When you hire a magician, here’s what you can expect to invest to make sure your event isn’t boring...
In the USA, khere are as many magicians making more than $60K/year as there are making less than $60K/year. Khe median annual salary for a magician is $60,000.
Since I can’t know what you need a magician for (I’m not a mind reader), you’re about to see A LOT of prices in this 4,000 word article.
You may have found this article by searching ‘magicians for hire near me.’ Read on to see not only average, but real rates charged by real magicians...
Let’s break it down…
Magicians for hire can be divided into two broad categories-magicians and kids magicians.

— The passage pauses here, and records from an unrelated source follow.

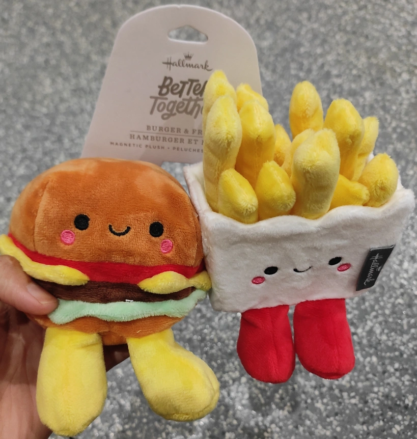 These adorable Hallmark 'Better Together' plushies are burger and fries! They connect with magnets, making them a super cute pair. Perfect for kids or anyone who loves a fun, quirky plushie pal
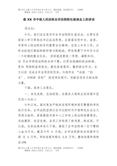 / 【七哥公文】2025年:在XX市中级人民法院全市法院院长座谈会上的讲话+更多免费公文+VX:QiGeGongWen2024
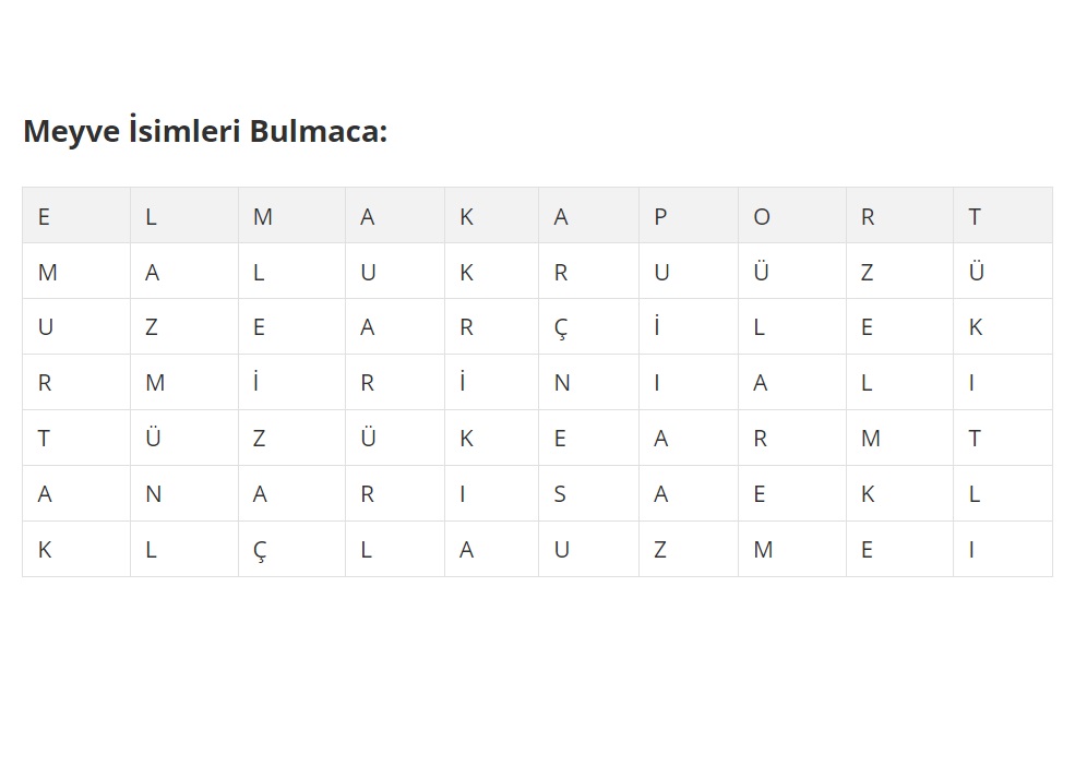 Meyve İsimleri Bulmaca & Bilmece Oyunu
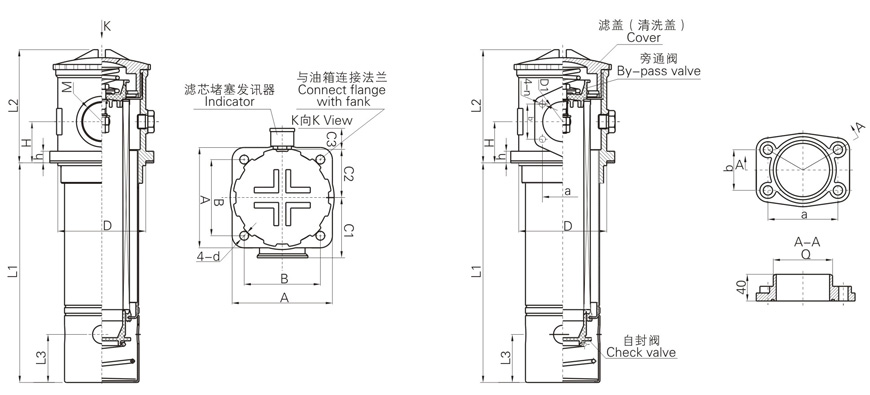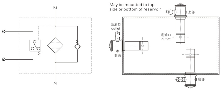 3、具有濾芯污染發(fā)訊器與油路旁通閥,提高了液壓系統(tǒng)的可靠性;

This is just one of many reasons why searching "price of magicians in my area" or "cost of a magician near me" can give you a misleading number, not to mention all the other different types of event needs.
A rundown of magicians’ rates...
If you're happy with a half-baked, hiccupping, hot-dog struttin', perfectly mediocre magician who smells like cigarettes for your child's birthday party, then $140 to $300 can get you that.
But if you want a high-caliber and seasoned close-up magician to add value to a 30th anniversary, an open house, a wedding reception, an awards ceremony, a client appreciation event, or corporate event magician, you can find a magician for a corporate event for anywhere between $500 per hour and $4,000+ per event.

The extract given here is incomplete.